On the heels of Nevada’s largest tax increase, crafted in 2015, legislators are again looking for additional sources of revenue. This time, it comes in the form of AB 43, which modifies the current law on property tax caps. And it comes at a time when businesses are just starting to recover from the worst recession in recent history.
I have an idea. How about our government learns to budget and work with the resources they have, as every business in Nevada has to do? In the private sector, our reality seems to be much different than that of the public entities. If we don’t budget, we simply can’t afford the things we need to make our businesses successful. The public sector maintains the mentality that if they go over budget, they’ll simply find a way to increase taxes. And, you and I will end up paying for it.
As a taxpayer, I’m tired of paying more while seeing the misuse of the funds already paid in. If you’re a regular reader of this column, you may get the impression I’m anti-tax. That’s not the case at all. I believe we should all pay our fair share to improve and maintain the infrastructure in our communities. But it’s discouraging when you look at where the money is actually going. I encourage you to check out the Nevada Piggy Book at NPRI.org for a few examples of frivolous spending.

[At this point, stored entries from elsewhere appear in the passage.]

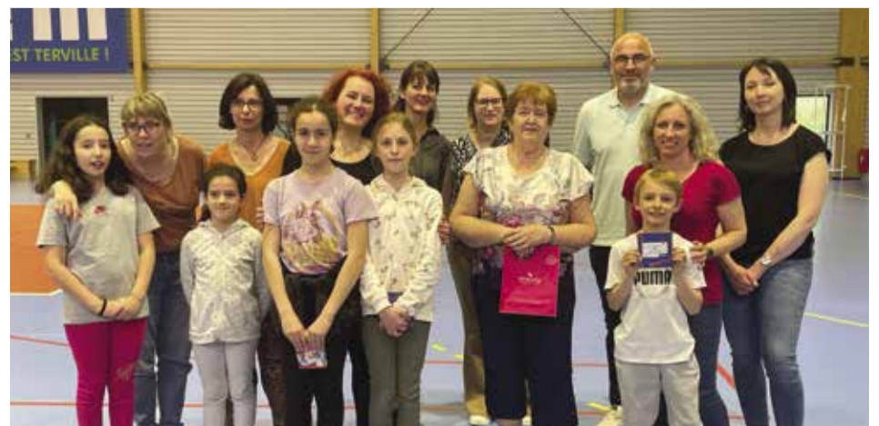
Remise des prix aux gagnants de la dictée Di Gaspivot. Retrouvez le palmarès sur le site www.terville.fr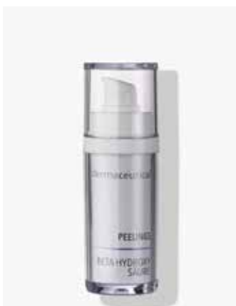
Originalverpackung 30ml ArtikelNr.: 1007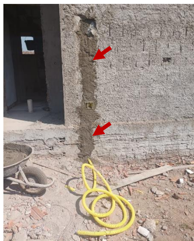
Figura 14 ELETRODUTO FLEXÍVEL CORRUGADO, PVC, DN 25 MM (3/4")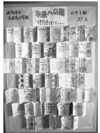
北鹿島小学校の壁新聞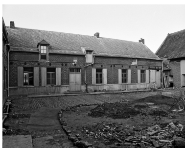
La cour : élévation antérieure du logis, donnant sur la cour.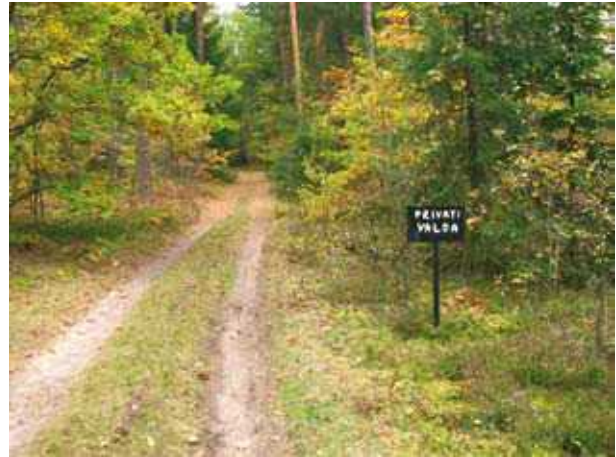
1 pav. Ženklas Privati valda vidury miško – dažnas ir klaidinantis reiškinys dabartinėje Lietuvoje Fig. 1. Misleading sign “Private” in the middle of a forest – common sight in Lithuania nowadays.

Remiantis Miškų įstatymu , kiekvienas žmogus Lietuvoje turi teisę laisvai lankytis miškuose , išskyrus rezervatų ir specialios paskirties objektų (pasienio zona, kariniai objektai ir kt.) miškus. Galima rinkti vaisius ir vaistažoles, grybauti ir uogauti. Lankytis miške gali uždrausti tik valdžios institucijos, kai yra labai rimtas pagrindas (didelis gaisringumas, vyksta kirtimai ir pan.), tačiau nei šiame įstatyme, nei kituose nieko nėra pasakyta apie galimybes stovyklauti.

Consider for a moment the cost of living increases during the Great Recession. I don’t know about your business, but survival for most businesses dictated a freeze or reduction on expenditures. Of course, the exception was government workers who got regular raises during a time when the private sector was struggling to survive and hang on to employees.
Every two years, when our legislators meet, they consider ways to increase funding. AB 43, put forth by the Nevada Association of Counties (NACO) would establish a floor for property tax increases and modify the existing tax cap law, which was enacted in 2005 to protect Nevadans from soaring property taxes. AB 43, among other things, revises the formula for calculating partial abatement so the annual cap on increases of property taxes can’t be lower than 3 percent. In addition, the bill would change the Consumer Price Index used from a single year to a 10-year rolling average.
The current tax cap law was created to protect business and consumers from having to pay unrealistically expensive property taxes. It’s one of the things that has fueled economic growth in our communities. To change the law now, when businesses that survived the recession are just getting back on their feet, is counterproductive.
CALL TO ACTION: Say “No” to AB43. Reach out to your representatives and let them know you’re against making a change to the property tax cap. Raising property taxes is not conducive to a growing economy and our government needs to stop asking for more. They simply need to take a lesson from the private sector, stop misusing the funds they have, and learn how to live within their means.
2 Chronicles 7:14 (NKJV) “If my people who are called by My name will humble themselves, and pray and seek My face, and turn from their wicked ways, then I will hear from heaven, and will forgive their sin and heal their land.”